In 1992, after Abimael Guzmán's arrest, the "Committee to Support the Revolution in Peru" placed ads in The Nation, The Village Voice and La Opinión criticizing the Peruvian government. These ads were signed by Ramsey Clark, Noam Chomsky, Philip Berrigan, and other activists. Some of the signatories (including Berrigan) told The Nation after the fact that they had not agreed to sign or had been misled as to the group behind the ads.[4] After the ads were published, the Peru Peace Network (PPN), a group of American religious and human rights organizations working in Peru, launched a counter-campaign, approaching signers of the ad individually and giving them a flier.[5]
Terrorism
The support committees were also involved in the Shining Path's clandestine terrorism, such as the 1988 assassination of Peruvian captain Juan Vega Llona and the 1992 Peruvian embassy attack in Stockholm.[6][7]
In 1988, Peruvian captain Juan Vega Llona was shot to death during a trip to La Paz, Bolivia by a hit squad of Shining Path assassins supported by CARP-Bolivia.
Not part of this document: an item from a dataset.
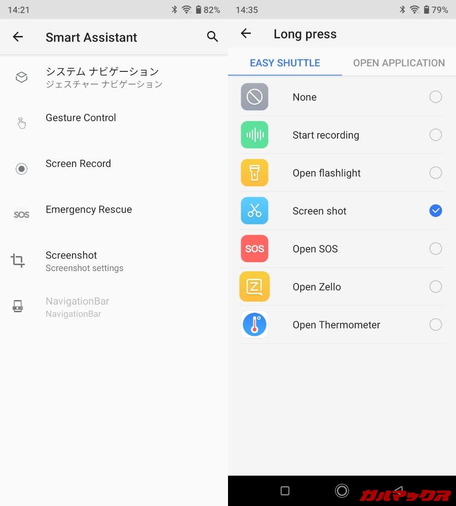 ▼設定項目にスクショ音のオンオフ項目はあるんですが、これは「UMIDIGI独自のトリミングスクショ」にしか適用されないので、通常のスクショ音は消せません。しかもトリミングスクショは通知バーの中のメニューからしか使えないので不便。↓
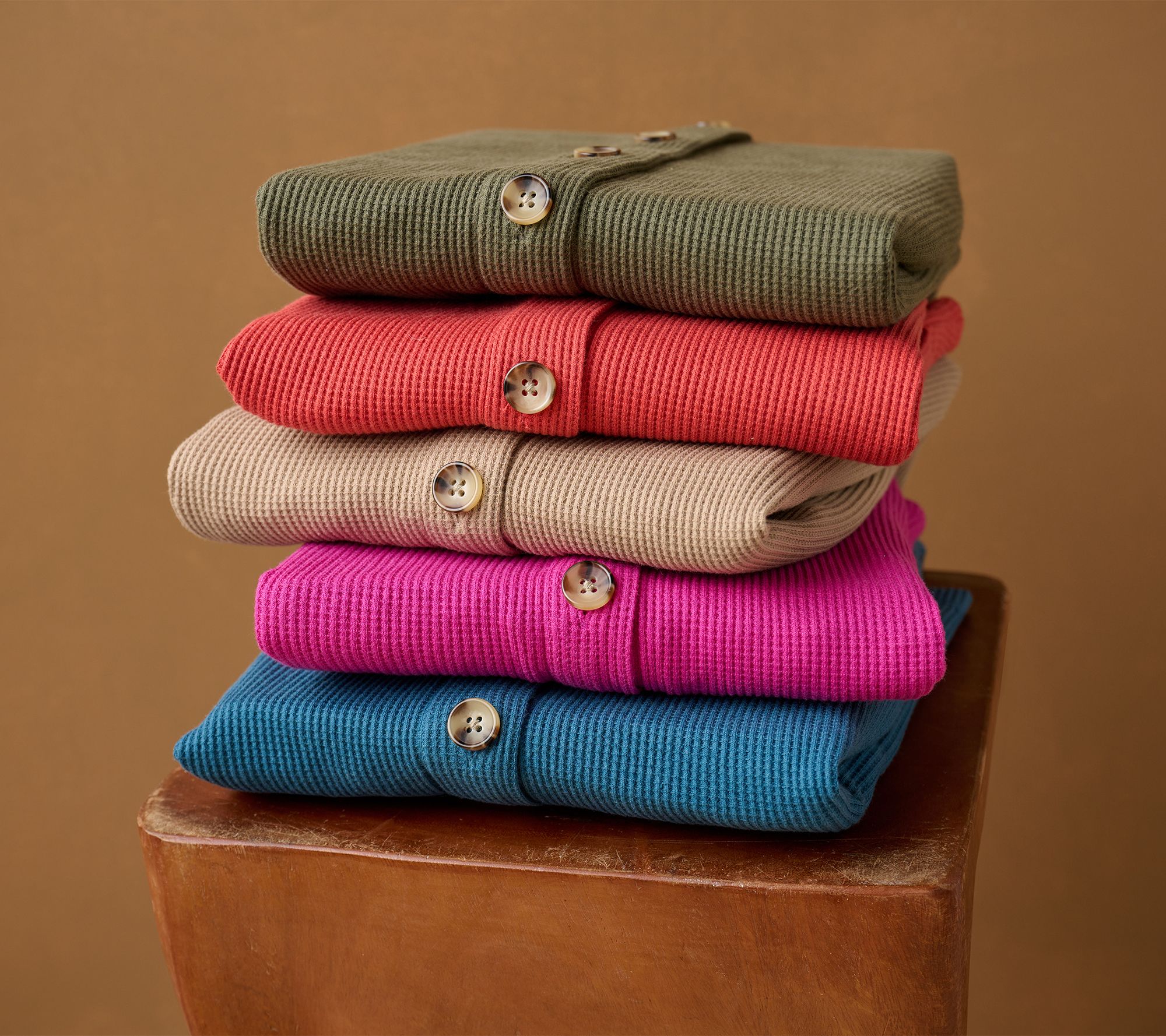 Features: waffle knit front and back yoke, jersey knit back, button-front closure, long sleeves, on-seam pockets, curved hem

The Central Committee had ordered for Llona's annihilation in retribution for his involvement in the 1986 Peruvian prison riots, in which 224 Shining Path prisoners were killed during an uprising.[8]
CARP's branches were also used to vandalize and threaten numerous Peruvian embassies, a tactic mainly inspired by the 1992 attempted assassination of Peruvian ambassador Gustavo Silva Aranda in Stockholm, Sweden.[9]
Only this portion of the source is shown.